I need advice

May 26, 2009

My boys and I are members of a homeschooling group in the area. I received an email today that went out to the entire membership “warning” me that June 6th is “Gay Day” at Disneyworld and that it might “flow into the entire weekend.” If you know me, you know that even typing those hateful words ties my stomach in knots. I am passionate about a lot of things, but gay rights is top of my list so you can imagine this email makes me rabid.

I’m not entirely sure what to do.

I have read over the agreement members must sign in order to join this group and there’s nothing to indicate that I should have anticipated this email. My knee-jerk reaction is to instantly remove my family from the group because this type of hate goes against everything I believe in and stand for — hate directed at any group, lifestyle choice, ethnicity, etc. I want nothing to do with anyone who would spit out vile crap like this, particularly around my children. Furthermore, I don’t want to support (and pay to be in) a group that condones this kind of talk from its membership, and allows its email list to be used as a soapbox.
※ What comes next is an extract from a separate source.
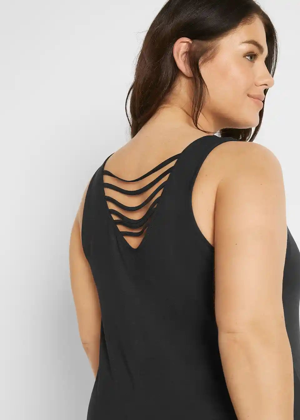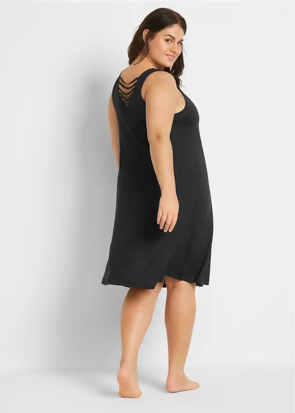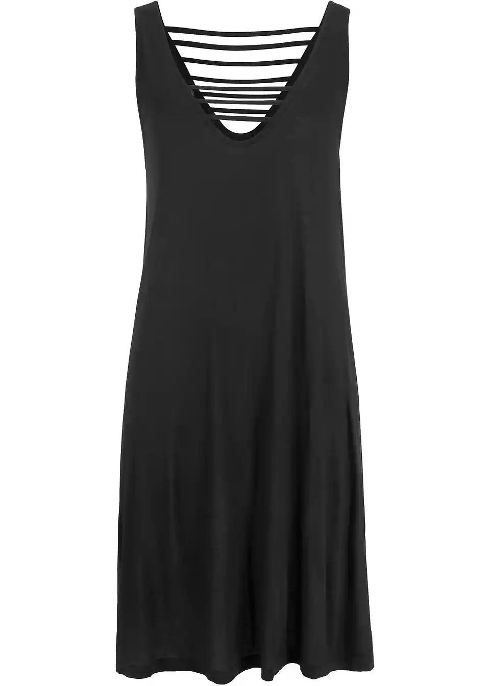 Brezrokavna plažna obleka z V-izrezom spredaj in zadaj.

On the other hand, why should my family be the ones to leave? We are paid-in-full members with as much right to be there as anyone else.  Besides, I feel as if silence is as good as acceptance of this situation. I also get the irony that if I sent out an email shouting (this email was typed in bolded size-48 font, by the way) a warning that next week was “White Day” and everyone ought to bar the doors and save the children, you can bet they’d bounce me out on my ass.

I’m truly at a loss as to what to do about this. On the one hand, I live in the real world and know that people discriminate or are hateful about a lot of things, not just lifestyles that are different from theirs. I’m not a 16-year old emo-girl filled with angst at the unfairness and repression facing the human race. Neither am I a self-righteous, smug 20 year-old who hasn’t yet figured out that the world doesn’t spin on her personal axis.
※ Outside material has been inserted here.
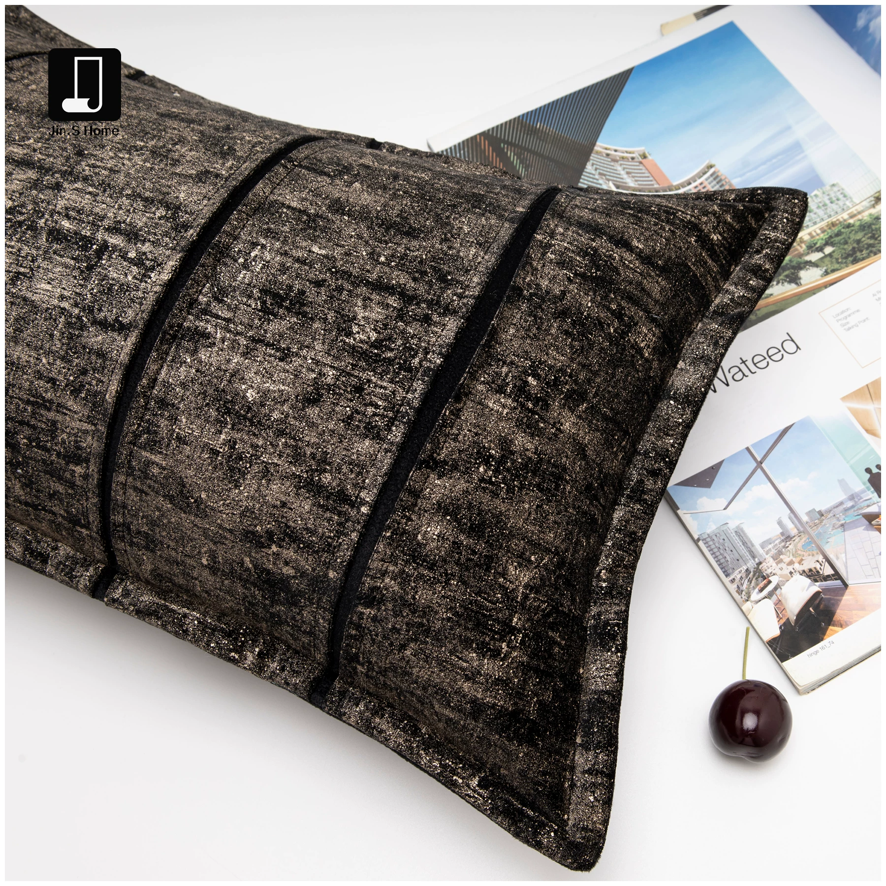 Velvet Cushion with Black and Gold Foil Accents—Light Luxury Living Room Sofa Cushion for Villas, Hotel Showroom, and Bedside Use

I’m just a regular middle-aged woman who believes no one should suffer — knowingly or unknowingly — at the hands of fools. I’m just an average mother who wants her children to grow up to live in a world where this kind of talk is actively discouraged, not ignored, and do what I can to make it so.

Here’s what I don’t want:

~ To try and change anyone’s mind or this group’s email policies. It won’t happen, which sickens me on a number of levels.

~ To start a fight within the group.

~ To ignore the email.

~ To teach my children that it’s okay to spout utter filth as long as its “part of their doctrine / belief system / values, etc.”

~ To send a message to my children that it’s permissible to run away from a situation simply because you don’t like what you hear, rather than find a way to deal with it in a way everyone can live with.

Here’s what I do want:

~ To be treated as fairly and respectfully as I treat other members of this group whose beliefs differ from mine.

~ To teach my children by example the right way to respond to these kinds of situations.

~ For my children to understand that my acceptance of others isn’t a moving target and shouldn’t be for them either.

~ For my children to learn that I mean it when I say we are accepting of all lifestyle choices, and know that I will support them just as vocally in their future choices.

In case you’re wondering why I don’t just “find another group,” it’s because they simply don’t exist around here. Though there is an active homeschooling community here, there are only two support groups to choose from and, incredibly, the other makes this group look like the most accepting people on the planet (yes, I live in a very narrow-minded part of the country).

Unfortunately, this isn’t the first time something like this has happened. Several months ago I was sitting with a number of mothers as our children participated in a group activity. For some reason, the conversation turned to Girl Scouts and one woman said she would never allow her children to join a troop. “They let those disgusting lesbian sickos teach those poor young girls now. There’s no telling what they will do if you turn your back for one second,” she said. The only thing that kept me from climbing across the table at her was the knowledge that murder is a felony and I was out in broad daylight with seven witnesses.

I later asked several people whose opinion I respect what I should have done besides bite my tongue in half, but none of us could come up with a good response. Unfortunately, that’s left me in the spot I am today — not knowing how to respond to this kind of hate.

So I’ll put this question out to my GLBT friends, and anyone else who would like to help me figure this out.What should I do? Nothing, since it won’t make a difference in the long run, or say something because not enough people do?

Comments, as you might expect, will be moderated. I will approve all comments as long as they are respectful, thoughtful, or helpful, even if we don’t agree on the topic at hand.